- Country of origin: United States

Production
- Running time: 1 hour

Original release
- Network: Nickelodeon
- Release: January 8, 1983 – 1984

= The Third Eye (American TV series) =

The Third Eye is an American anthology series on Nickelodeon. It consisted of multiple English-language science fiction serials from the United Kingdom and New Zealand. All of the program's featurettes focused on characters with psychic abilities.

==History==
The Third Eye premiered on Nickelodeon on January 8, 1983. It usually begins with a disclaimer that said, "The following is a science fiction program, and may contain some startling scenes. This show is intended for older children." The intro was shown with voice-over by Don LaFontaine saying, "Somewhere in the crowd... sometimes you find someone very special. Someone who hears the unheard. Someone who understands the mystery. Sometimes, there's someone who sees with the third eye!" Initially, three serials were shown as part of the program: Into the Labyrinth, The Haunting of Cassie Palmer, and Under the Mountain. In April 1983, a fourth serial (Children of the Stones) was added. The fifth and final serial to be aired as part of the series was The Witches and the Grinnygog. Described by Nickelodeon president Geraldine Laybourne as part of a confusing "checkerboard schedule", The Third Eye was pulled from Nickelodeon's lineup so that the network could focus on original series.
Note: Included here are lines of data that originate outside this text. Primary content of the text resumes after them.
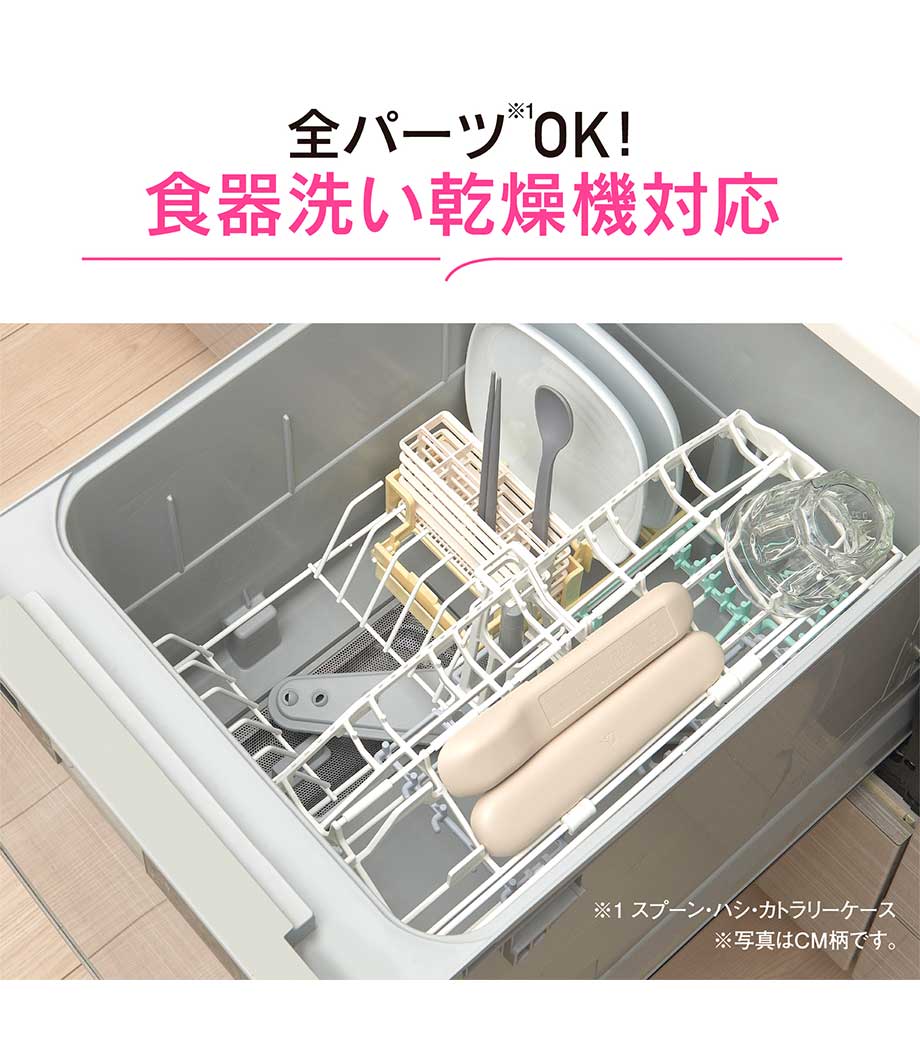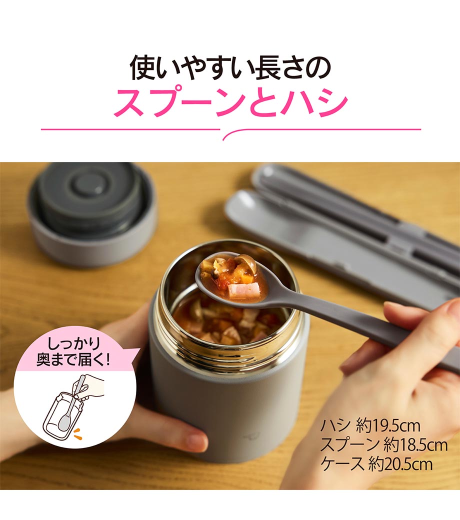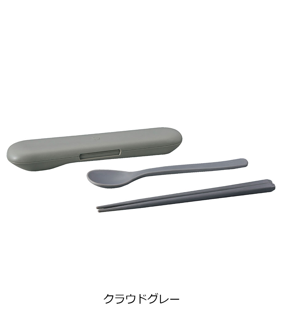 丸くて広い先端形状で、すくいやすく口当たりがよいスプーンと、お箸がケースに入ったカトラリーセットです。スプーンはスープジャーに丁度良いつくりで、しっかり奥まで届く長さがうれしい。持ち歩いてもカタカタ音がしにくいシリコーンゴム製のハシ留め付き。全パーツ食洗機対応です。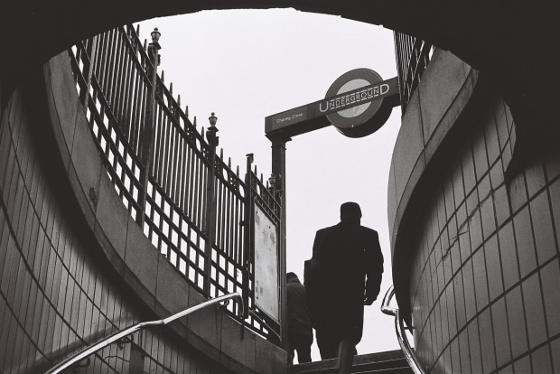 Captured using my trusty Nikon F3 and Ilford HP5 in April 2019. That moment just before emerging from the London Underground and out into Trafalgar Square.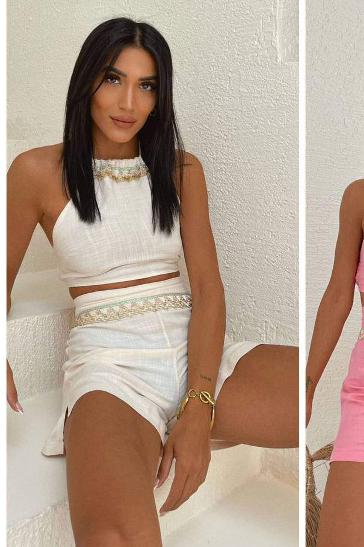 LINEN TOP+SKORTS ONE COLOR WOMAN SET CREAM/KREM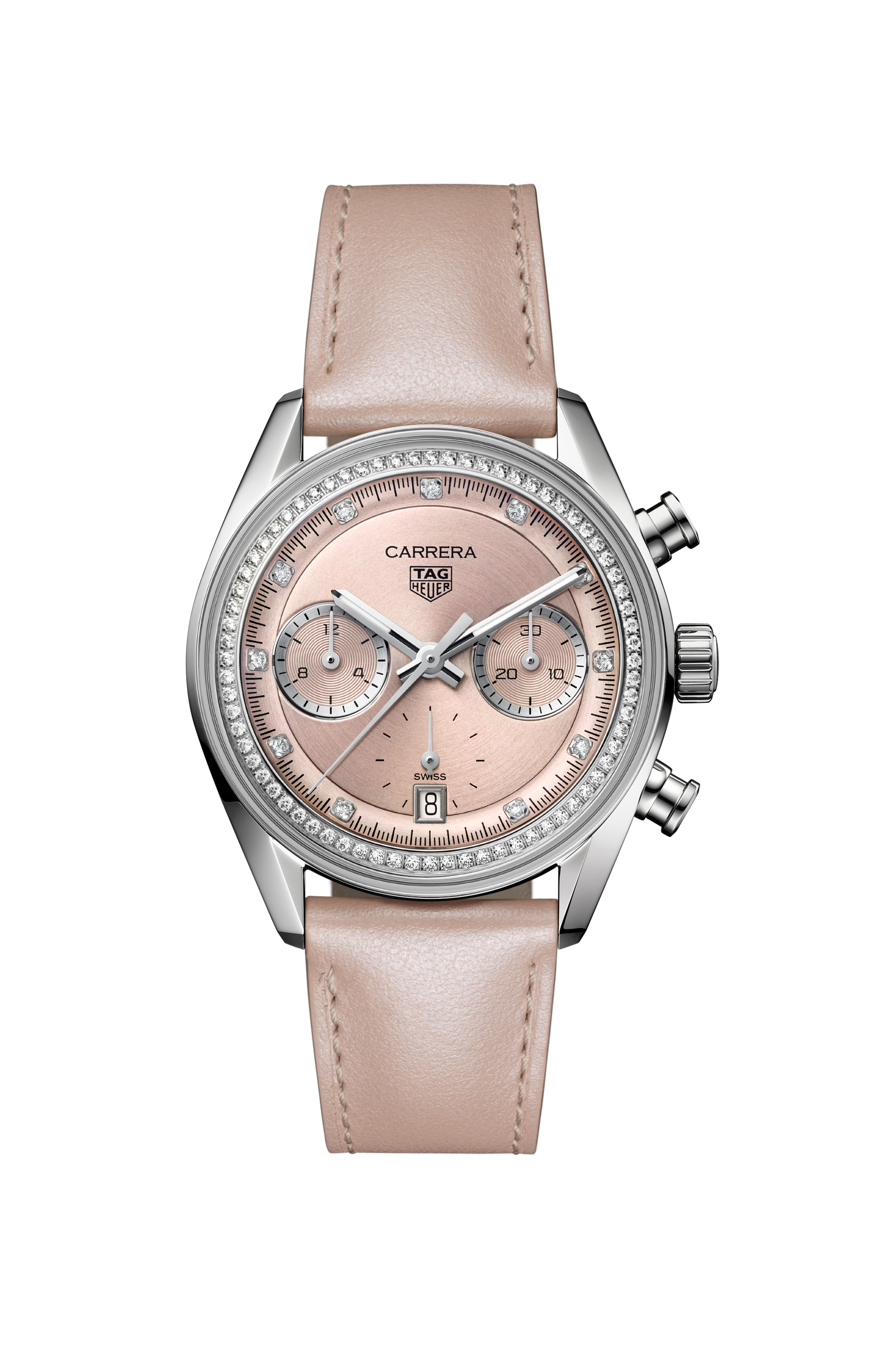 Dieser TAG Heuer Carrera Chronograph mit 39 mm großer Silhouette verkörpert Weiblichkeit und Rennsportgeist. Sein zartrosa Zifferblatt und der Glanz der Diamanten schaffen eine luxuriöse und sportliche Ästhetik.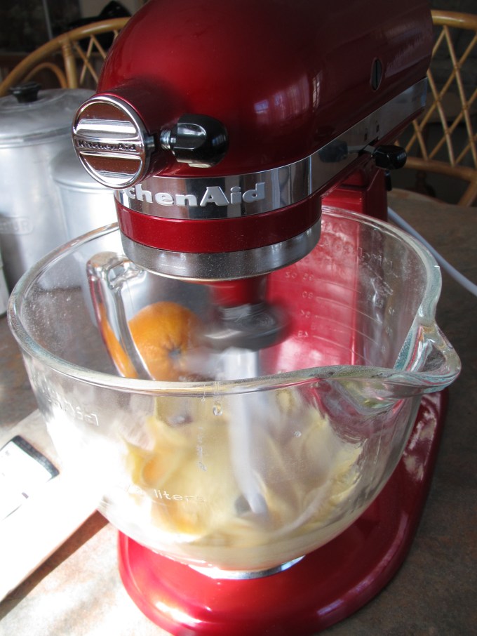 3. Gradually beat the sugar into the egg yolks and continue beating until the mixture is thick and pale yellow. Add the grated orange rind and orange juice. Beat until the mixture is light and foamy. The originally recipe calls for 1/4 teaspoon of almond extract but I really don’t think it’s necessary.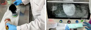Figura 2: Empleo de reactivos pulverulentos (físicos) para el revelado de huellas dactilares y su posterior observación.

In 1984, film historian Aljean Harmetz stated that Nickelodeon acquired the program's presentations "for a pittance" because their relatively low production values and their actors' foreign accents made them "unacceptable" to other networks.

==Series within the anthology==
===The Haunting of Cassie Palmer===
In The Haunting of Cassie Palmer, the title protagonist, the daughter of a medium, decides to see if she has inherited her mother's powers. She tries to conjure up a spirit, with unexpected results. By the end of the series, her powers have burned out. Adapted from the book by Vivien Alcock.

===Under the Mountain===
Twins Rachel and Theo Matheson have limited telepathic abilities and can wield light as a weapon. Aided by the mysterious alien Mr. Jones, they must defeat an evil alien who lives Under the Mountain of Rangitoto Island. Their main power, though, is a psychic bond with two stones from another world which are used as weapons, and (it is strongly implied) may be sentient life forms. Adapted from the book by Maurice Gee.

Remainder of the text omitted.